▸ Data records

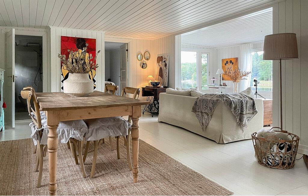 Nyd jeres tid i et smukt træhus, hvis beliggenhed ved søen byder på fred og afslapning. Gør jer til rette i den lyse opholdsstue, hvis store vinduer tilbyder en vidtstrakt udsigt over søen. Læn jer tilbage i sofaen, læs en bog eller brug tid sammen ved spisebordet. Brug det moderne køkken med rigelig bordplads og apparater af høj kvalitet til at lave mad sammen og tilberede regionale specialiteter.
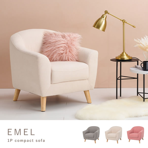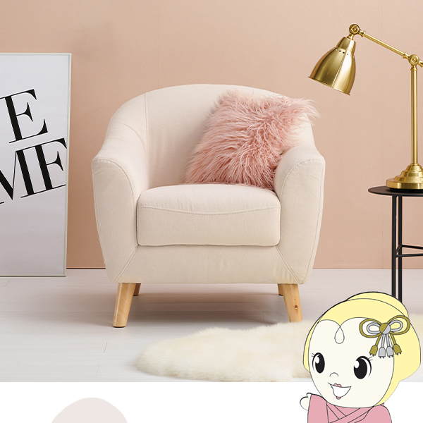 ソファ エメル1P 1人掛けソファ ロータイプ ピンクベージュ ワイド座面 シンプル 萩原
--
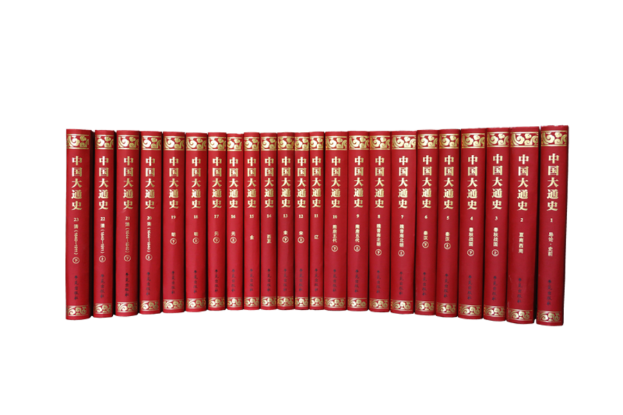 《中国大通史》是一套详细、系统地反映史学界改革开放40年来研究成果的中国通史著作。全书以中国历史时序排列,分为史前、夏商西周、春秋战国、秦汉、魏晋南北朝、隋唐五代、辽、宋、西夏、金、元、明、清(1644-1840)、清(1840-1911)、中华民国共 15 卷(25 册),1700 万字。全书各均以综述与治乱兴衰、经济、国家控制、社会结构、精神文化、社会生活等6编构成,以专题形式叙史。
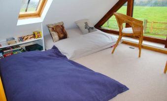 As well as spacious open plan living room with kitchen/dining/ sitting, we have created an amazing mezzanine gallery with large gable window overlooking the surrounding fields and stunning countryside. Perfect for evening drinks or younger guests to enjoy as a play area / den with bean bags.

▸ Assigned task
Print from the line containing "Nyd jeres tid" through the line containing "ソファ エメル1P 1人掛けソファ" in the data above, exactly as the lines stand, and omit every picture.

▸ Written response
 Nyd jeres tid i et smukt træhus, hvis beliggenhed ved søen byder på fred og afslapning. Gør jer til rette i den lyse opholdsstue, hvis store vinduer tilbyder en vidtstrakt udsigt over søen. Læn jer tilbage i sofaen, læs en bog eller brug tid sammen ved spisebordet. Brug det moderne køkken med rigelig bordplads og apparater af høj kvalitet til at lave mad sammen og tilberede regionale specialiteter.
 ソファ エメル1P 1人掛けソファ ロータイプ ピンクベージュ ワイド座面 シンプル 萩原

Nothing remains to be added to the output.